**RECORDS SUPPLIED**:

##############################

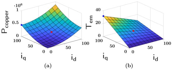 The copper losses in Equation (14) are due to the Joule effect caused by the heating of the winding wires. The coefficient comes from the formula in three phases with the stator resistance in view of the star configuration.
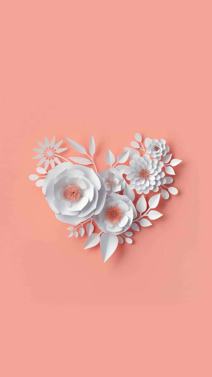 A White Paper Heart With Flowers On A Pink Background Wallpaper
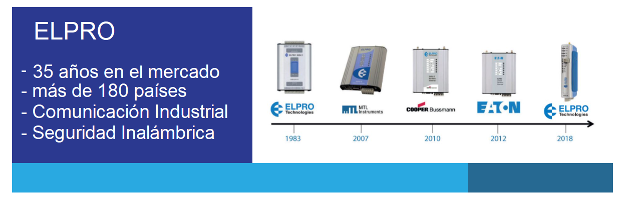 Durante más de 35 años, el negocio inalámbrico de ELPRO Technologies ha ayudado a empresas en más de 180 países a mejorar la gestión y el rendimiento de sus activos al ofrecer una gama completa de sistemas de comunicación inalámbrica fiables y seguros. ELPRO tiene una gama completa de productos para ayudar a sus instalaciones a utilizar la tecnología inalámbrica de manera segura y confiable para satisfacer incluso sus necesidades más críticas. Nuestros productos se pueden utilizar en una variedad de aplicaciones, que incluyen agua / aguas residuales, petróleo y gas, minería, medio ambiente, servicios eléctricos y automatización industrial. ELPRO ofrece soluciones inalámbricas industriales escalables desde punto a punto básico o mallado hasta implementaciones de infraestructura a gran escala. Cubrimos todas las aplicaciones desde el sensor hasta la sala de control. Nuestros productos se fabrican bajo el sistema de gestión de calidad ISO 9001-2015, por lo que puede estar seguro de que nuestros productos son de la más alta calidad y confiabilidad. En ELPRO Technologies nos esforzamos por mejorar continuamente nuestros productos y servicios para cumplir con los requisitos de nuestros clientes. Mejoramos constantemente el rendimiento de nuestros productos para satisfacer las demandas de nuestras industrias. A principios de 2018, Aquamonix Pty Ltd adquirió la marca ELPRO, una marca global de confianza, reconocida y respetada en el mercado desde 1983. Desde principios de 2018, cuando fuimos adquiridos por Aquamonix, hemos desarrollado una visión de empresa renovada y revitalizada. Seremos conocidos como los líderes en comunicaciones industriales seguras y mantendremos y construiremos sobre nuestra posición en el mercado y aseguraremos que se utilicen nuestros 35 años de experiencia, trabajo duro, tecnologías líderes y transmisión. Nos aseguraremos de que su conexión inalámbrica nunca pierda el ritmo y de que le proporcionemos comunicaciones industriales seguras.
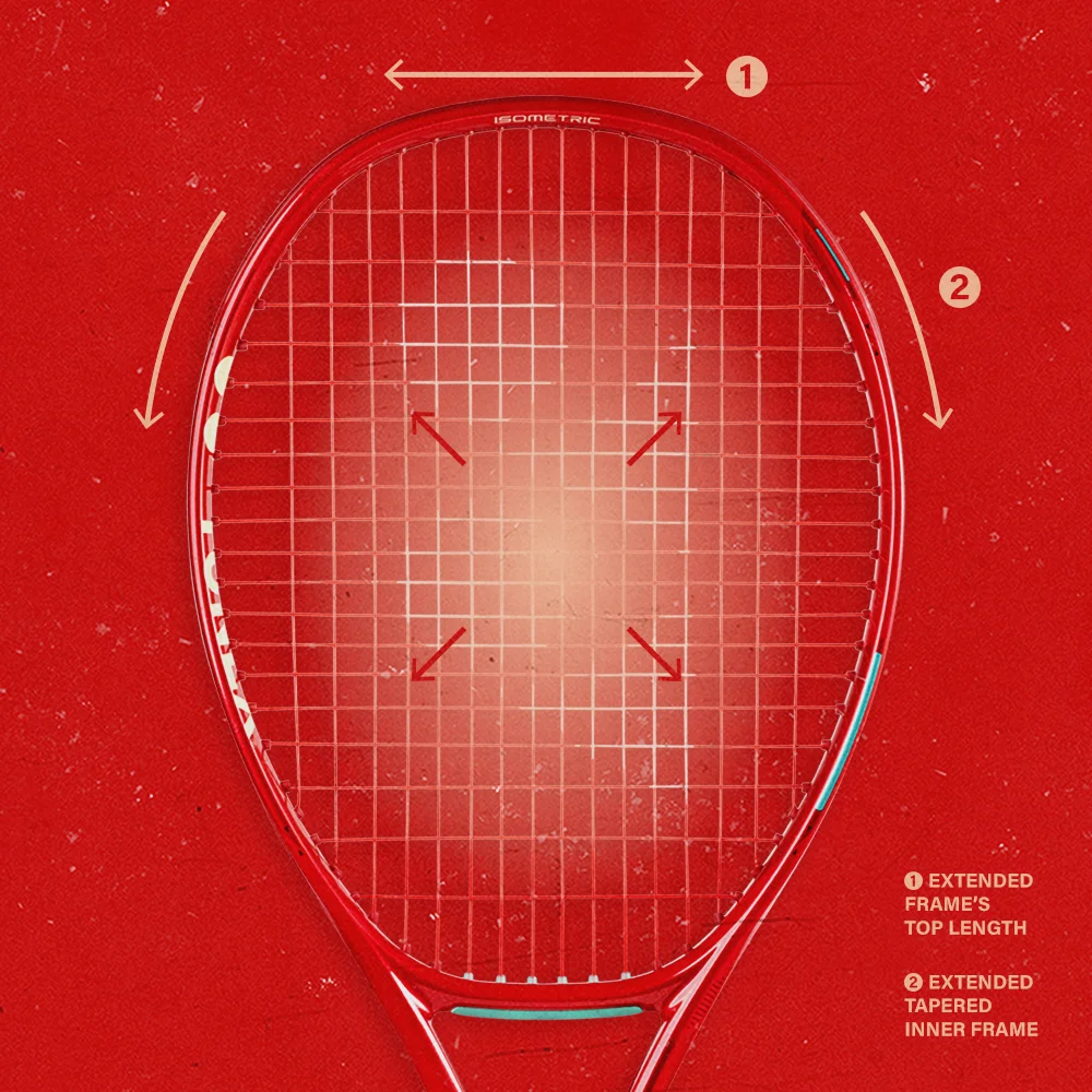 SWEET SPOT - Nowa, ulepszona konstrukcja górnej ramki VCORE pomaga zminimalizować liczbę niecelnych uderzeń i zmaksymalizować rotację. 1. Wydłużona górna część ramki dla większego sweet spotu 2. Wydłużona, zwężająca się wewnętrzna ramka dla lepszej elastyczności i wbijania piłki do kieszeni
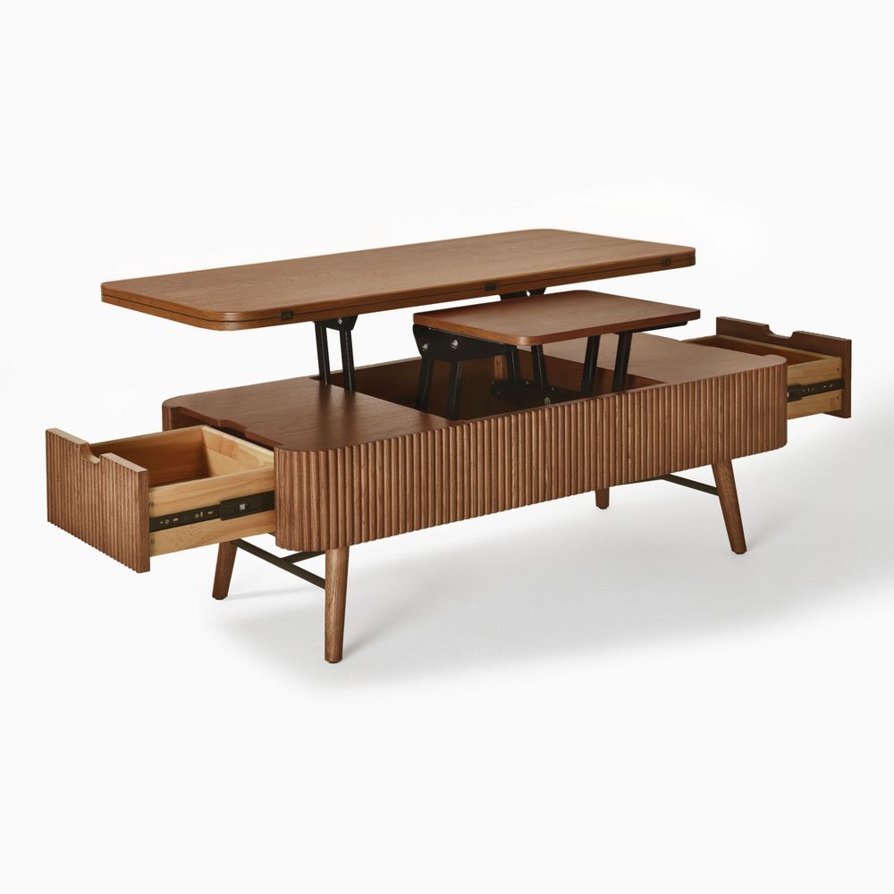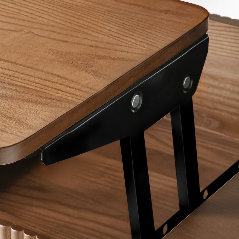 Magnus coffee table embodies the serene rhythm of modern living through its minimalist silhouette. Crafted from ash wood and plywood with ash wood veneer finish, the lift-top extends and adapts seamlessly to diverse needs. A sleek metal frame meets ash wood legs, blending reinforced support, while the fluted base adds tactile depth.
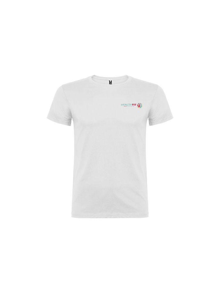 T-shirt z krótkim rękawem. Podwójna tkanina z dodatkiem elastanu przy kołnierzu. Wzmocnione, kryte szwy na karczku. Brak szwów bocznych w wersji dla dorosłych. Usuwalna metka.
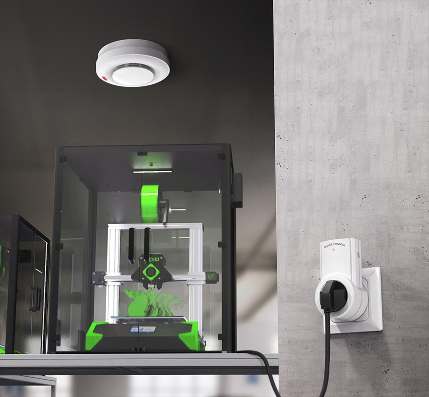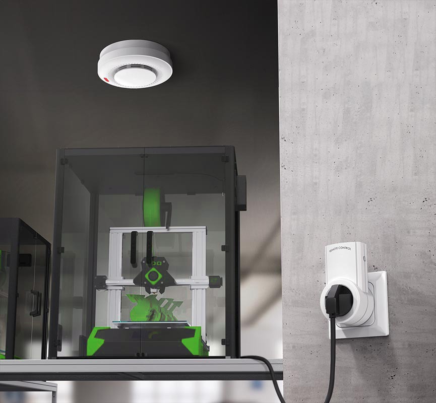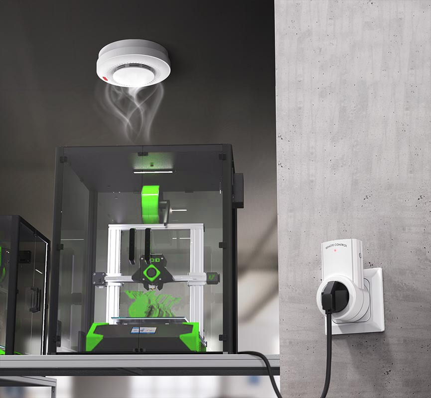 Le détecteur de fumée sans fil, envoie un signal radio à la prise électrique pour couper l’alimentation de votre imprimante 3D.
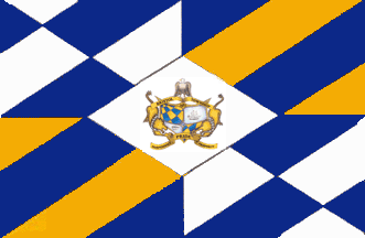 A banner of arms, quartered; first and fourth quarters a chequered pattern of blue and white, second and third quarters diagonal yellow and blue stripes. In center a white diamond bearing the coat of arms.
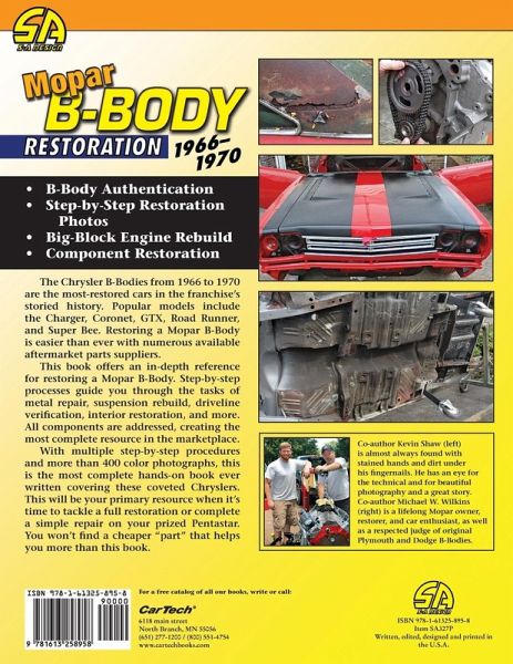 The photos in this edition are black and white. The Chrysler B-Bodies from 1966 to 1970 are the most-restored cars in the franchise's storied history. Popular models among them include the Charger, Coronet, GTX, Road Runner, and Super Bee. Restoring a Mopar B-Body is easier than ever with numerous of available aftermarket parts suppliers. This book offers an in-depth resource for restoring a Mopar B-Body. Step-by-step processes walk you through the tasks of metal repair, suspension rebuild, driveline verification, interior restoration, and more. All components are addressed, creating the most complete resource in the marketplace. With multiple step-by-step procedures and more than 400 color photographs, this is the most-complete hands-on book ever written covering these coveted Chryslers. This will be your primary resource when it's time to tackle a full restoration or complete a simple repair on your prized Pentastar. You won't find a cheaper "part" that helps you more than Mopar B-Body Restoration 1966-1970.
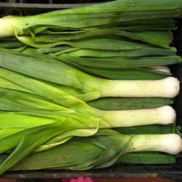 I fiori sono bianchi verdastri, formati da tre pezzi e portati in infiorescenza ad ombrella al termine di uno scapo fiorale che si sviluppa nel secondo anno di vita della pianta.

##############################

**PROBLEM STATEMENT**:
All of the material above should be set down again exactly, though not its pictures.

**ANSWER SPACE**:
 The copper losses in Equation (14) are due to the Joule effect caused by the heating of the winding wires. The coefficient comes from the formula in three phases with the stator resistance in view of the star configuration.
 A White Paper Heart With Flowers On A Pink Background Wallpaper
 Durante más de 35 años, el negocio inalámbrico de ELPRO Technologies ha ayudado a empresas en más de 180 países a mejorar la gestión y el rendimiento de sus activos al ofrecer una gama completa de sistemas de comunicación inalámbrica fiables y seguros. ELPRO tiene una gama completa de productos para ayudar a sus instalaciones a utilizar la tecnología inalámbrica de manera segura y confiable para satisfacer incluso sus necesidades más críticas. Nuestros productos se pueden utilizar en una variedad de aplicaciones, que incluyen agua / aguas residuales, petróleo y gas, minería, medio ambiente, servicios eléctricos y automatización industrial. ELPRO ofrece soluciones inalámbricas industriales escalables desde punto a punto básico o mallado hasta implementaciones de infraestructura a gran escala. Cubrimos todas las aplicaciones desde el sensor hasta la sala de control. Nuestros productos se fabrican bajo el sistema de gestión de calidad ISO 9001-2015, por lo que puede estar seguro de que nuestros productos son de la más alta calidad y confiabilidad. En ELPRO Technologies nos esforzamos por mejorar continuamente nuestros productos y servicios para cumplir con los requisitos de nuestros clientes. Mejoramos constantemente el rendimiento de nuestros productos para satisfacer las demandas de nuestras industrias. A principios de 2018, Aquamonix Pty Ltd adquirió la marca ELPRO, una marca global de confianza, reconocida y respetada en el mercado desde 1983. Desde principios de 2018, cuando fuimos adquiridos por Aquamonix, hemos desarrollado una visión de empresa renovada y revitalizada. Seremos conocidos como los líderes en comunicaciones industriales seguras y mantendremos y construiremos sobre nuestra posición en el mercado y aseguraremos que se utilicen nuestros 35 años de experiencia, trabajo duro, tecnologías líderes y transmisión. Nos aseguraremos de que su conexión inalámbrica nunca pierda el ritmo y de que le proporcionemos comunicaciones industriales seguras.
 SWEET SPOT - Nowa, ulepszona konstrukcja górnej ramki VCORE pomaga zminimalizować liczbę niecelnych uderzeń i zmaksymalizować rotację. 1. Wydłużona górna część ramki dla większego sweet spotu 2. Wydłużona, zwężająca się wewnętrzna ramka dla lepszej elastyczności i wbijania piłki do kieszeni
 Magnus coffee table embodies the serene rhythm of modern living through its minimalist silhouette. Crafted from ash wood and plywood with ash wood veneer finish, the lift-top extends and adapts seamlessly to diverse needs. A sleek metal frame meets ash wood legs, blending reinforced support, while the fluted base adds tactile depth.
 T-shirt z krótkim rękawem. Podwójna tkanina z dodatkiem elastanu przy kołnierzu. Wzmocnione, kryte szwy na karczku. Brak szwów bocznych w wersji dla dorosłych. Usuwalna metka.
 Le détecteur de fumée sans fil, envoie un signal radio à la prise électrique pour couper l’alimentation de votre imprimante 3D.
 A banner of arms, quartered; first and fourth quarters a chequered pattern of blue and white, second and third quarters diagonal yellow and blue stripes. In center a white diamond bearing the coat of arms.
 The photos in this edition are black and white. The Chrysler B-Bodies from 1966 to 1970 are the most-restored cars in the franchise's storied history. Popular models among them include the Charger, Coronet, GTX, Road Runner, and Super Bee. Restoring a Mopar B-Body is easier than ever with numerous of available aftermarket parts suppliers. This book offers an in-depth resource for restoring a Mopar B-Body. Step-by-step processes walk you through the tasks of metal repair, suspension rebuild, driveline verification, interior restoration, and more. All components are addressed, creating the most complete resource in the marketplace. With multiple step-by-step procedures and more than 400 color photographs, this is the most-complete hands-on book ever written covering these coveted Chryslers. This will be your primary resource when it's time to tackle a full restoration or complete a simple repair on your prized Pentastar. You won't find a cheaper "part" that helps you more than Mopar B-Body Restoration 1966-1970.
 I fiori sono bianchi verdastri, formati da tre pezzi e portati in infiorescenza ad ombrella al termine di uno scapo fiorale che si sviluppa nel secondo anno di vita della pianta.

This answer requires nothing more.